Une majorité de Brésiliens reste fermement opposée à la légalisation de l’avortement, mais les sondages montrent qu’un nombre croissant de personnes pensent que les femmes qui ont avorté ne devraient pas aller en prison. Le nombre de Brésiliens qui soutiennent la décriminalisation est passé de 23% en 2016 à 36% en 2017.

Les attitudes changeantes à travers l’Amérique latine conservatrice ont donné à de nombreux militants l’espoir que le Brésil pourrait assouplir les restrictions. En 2006, la Colombie a levé l’interdiction générale de l’avortement. Le Chili a emboîté le pas l’an dernier et le Sénat argentin vote cette semaine un projet de loi qui légaliserait la procédure jusqu’à la 14ème semaine de grossesse.

Mais l’opposition à la dépénalisation de l’avortement reste sévère.
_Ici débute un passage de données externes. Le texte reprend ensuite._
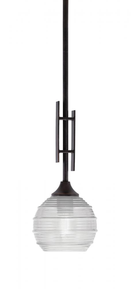 Toltec Lighting 320-DG-5110 Uptowne Stem Hung Mini Pendant, Dark Granite Finish, 6 Clear Ribbed Glass
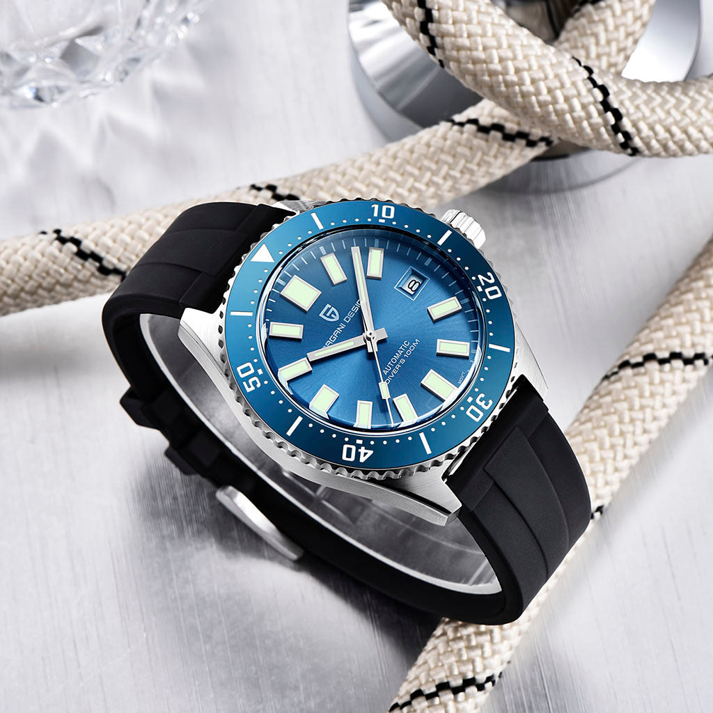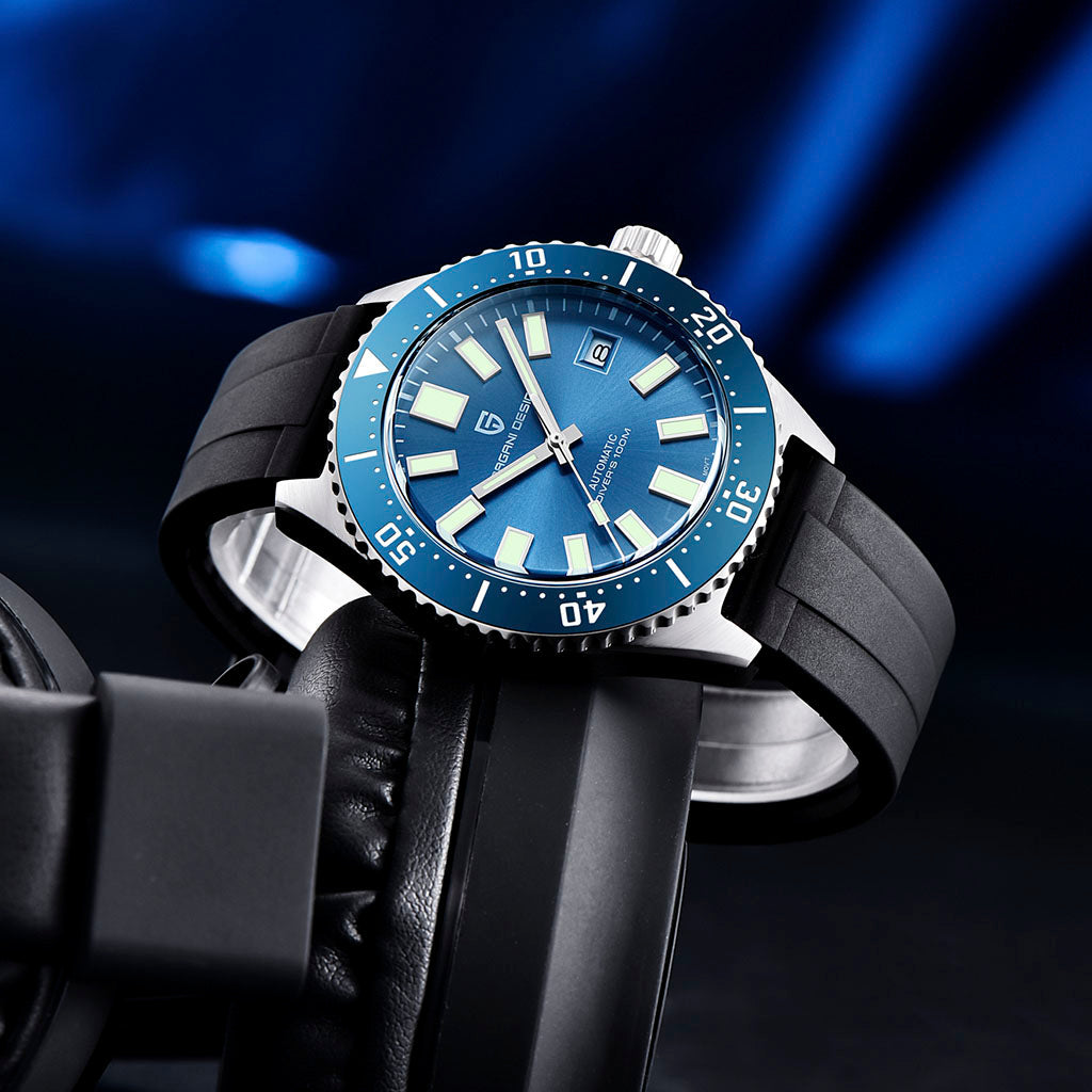 Das Seiko NH35-Uhrwerk ist eine verfeinerte Version des NH25 und bekannt für herausragende Präzision und Zuverlässigkeit. Der Pagani Design Falkenberg, ausgestattet mit dem Kaliber NH35, bietet eine beeindruckende Gangreserve von ca. 45 Stunden.

Le professeur Hermes Rodrigues Nery, président de l’Association nationale pro-vie et pro-famille, a déclaré vendredi que le Brésil, au lieu de relâcher les restrictions à l’avortement, doit s’attaquer aux causes profondes de la pauvreté. les avortements.

“C’est une fausse solution; car, là où nous devrions lutter contre les causes de la pauvreté, nous avons choisi de lutter contre les pauvres », a-t-il déclaré.« C’est une bataille entre ceux qui ont du pouvoir et ceux qui en ont besoin.

Et même si la Cour suprême se penche sur la question, les membres chrétiens évangéliques du Congrès brésilien ont adopté un projet de loi qui rendrait les avortements illégaux en toutes circonstances. Le projet de loi a été approuvé par un comité du Congrès en novembre dernier mais doit encore être adopté par les deux chambres.

Jair Bolsonaro, le principal candidat présidentiel conservateur aux prochaines élections au Brésil, s’oppose au droit à l’avortement et s’est engagé à opposer son veto à toute tentative du Congrès de dépénaliser la procédure.

Le ministère brésilien de la santé a refusé de prendre position mais a déclaré dans un communiqué que “l’illégalité [de l’avortement] ne l’empêche pas de se produire, mais affecte considérablement l’accès à une procédure sécurisée, augmentant le risque de complications et de décès maternels évitables.”